Interface-less Model in EVPN-MPLS
MAC route advertisement is disabled in backhaul R-VPLS 16, as follows:
*A:PE-1# configure service vpls 16
*A:PE-1>config>service>vpls# info
----------------------------------------------
description "backhaul EVPN-MPLS R-VPLS 16"
allow-ip-int-bind
exit
bgp
exit
bgp-evpn
no mac-advertisement
ip-route-advertisement
evi 16
mpls bgp 1
auto-bind-tunnel
resolution any
exit
no shutdown
exit
exit
stp
shutdown
exit
no shutdown
----------------------------------------------
The following route table for VPRN 161 contains a BGP-EVPN entry for prefix 40.0.0.0/24 with an EVPN tunnel to GW MAC address 00:00:00:01:61:02:
*A:PE-1# show router 161 route-table
===============================================================================
Route Table (Service: 161)
===============================================================================
Dest Prefix[Flags] Type Proto Age Pref
Next Hop[Interface Name] Metric
-------------------------------------------------------------------------------
30.0.0.0/24 Local Local 06h02m30s 0
bd-3 0
40.0.0.0/24 Remote BGP EVPN 00h04m26s 169
sbd-16 (ET-00:00:00:01:61:02) 0
-------------------------------------------------------------------------------
No. of Routes: 2
The following FDB for VPLS 16 contains an EVPN entry for GW MAC address 00:00:00:01:61:02. This information is retrieved from a BGP-EVPN RT-5 update.

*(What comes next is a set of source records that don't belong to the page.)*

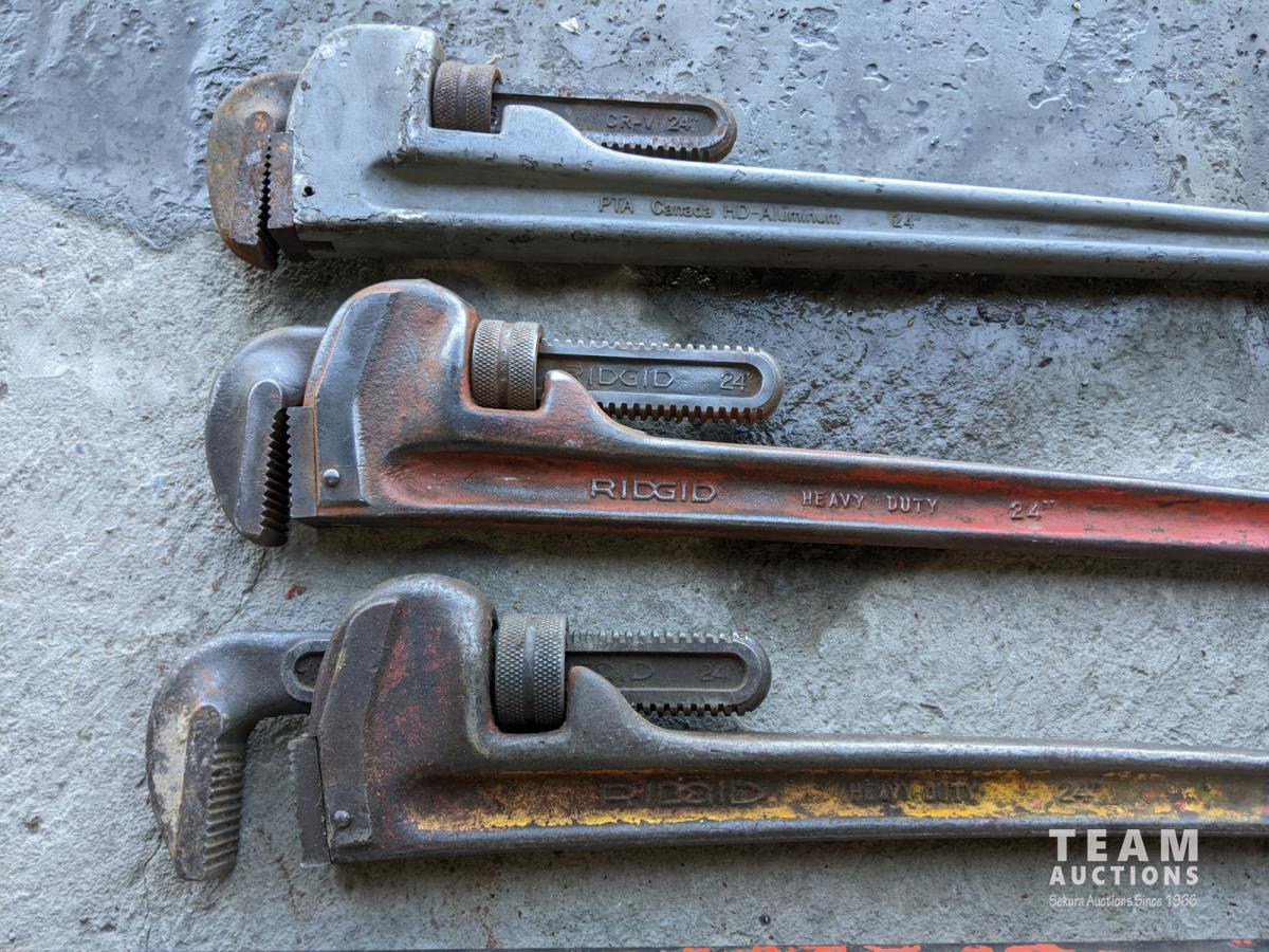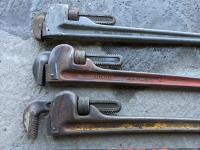 (2) Ridgid pipe wrenches and (1) PTA Aluminum pipe wrench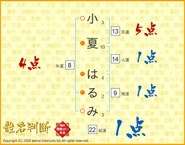 小夏はるみさんの総運は22画の1点!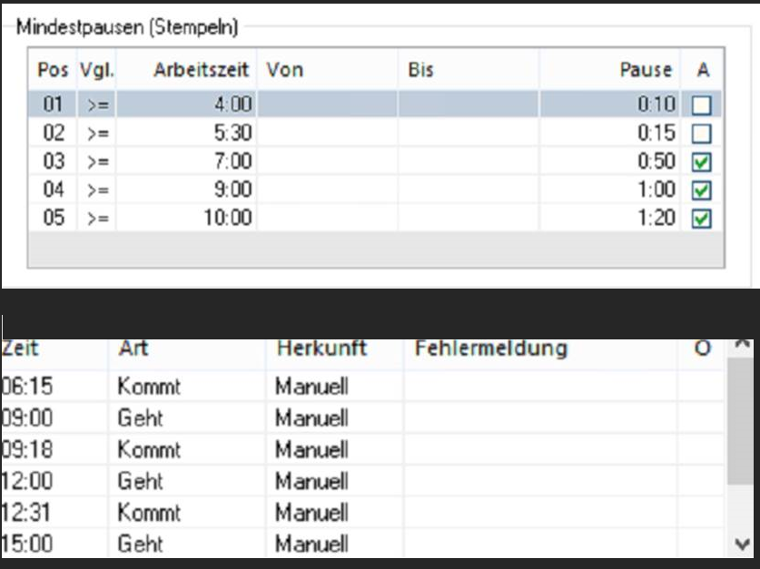 Wenn der Mitarbeiter die Pause aber korrekt macht soll die Pause nicht verändert werden.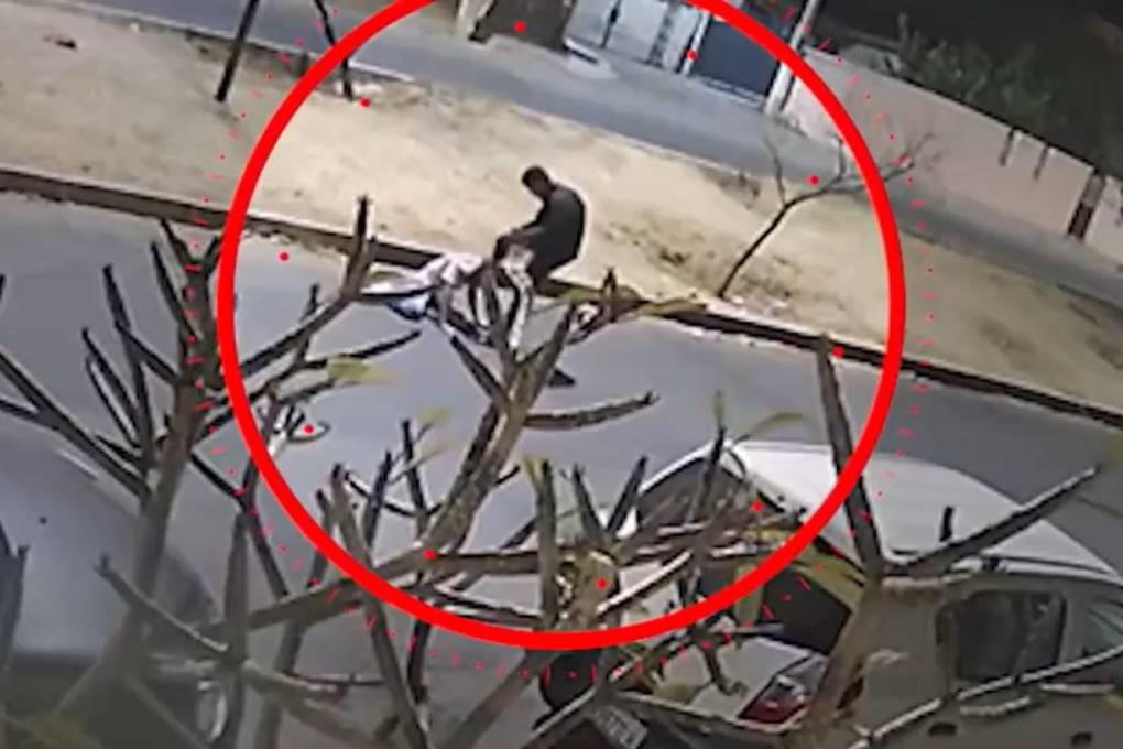Posteriormente, el sujeto se aleja y deja a la víctima tendida en el suelo totalmente inconsciente, todo el hecho quedó captado en cámaras de seguridad.

*A:PE-1# show service id 16 fdb detail
===============================================================================
Forwarding Database, Service 16
===============================================================================
ServId MAC Source-Identifier Type Last Change
Age
-------------------------------------------------------------------------------
16 00:00:00:01:61:01 cpm Intf 10/11/18 07:06:48
16 00:00:00:01:61:02 eMpls: Evpn 10/11/18 13:07:12
192.0.2.2:524286
-------------------------------------------------------------------------------
No. of MAC Entries: 2
However, no EVPN MAC routes were received for R-VPLS 16, as follows:
*A:PE-1# show router bgp routes evpn mac
===============================================================================
BGP Router ID:192.0.2.1 AS:64500 Local AS:64500
===============================================================================
Legend -
Status codes : u - used, s - suppressed, h - history, d - decayed, * - valid
l - leaked, x - stale, > - best, b - backup, p - purge
Origin codes : i - IGP, e - EGP, ? - incomplete
===============================================================================
BGP EVPN MAC Routes
===============================================================================
Flag Route Dist. MacAddr ESI
Tag Mac Mobility Label1
Ip Address
NextHop
-------------------------------------------------------------------------------
No Matching Entries Found.
Conclusion
The three EVPN IP-VRF-to-IP-VRF models each have advantages. Different vendors have chosen different models in the first phases of their EVPN implementations. SR OS supports all three EVPN IP-VRF-to-IP-VRF models, so they can be deployed in all environments where third-party vendors are deployed already.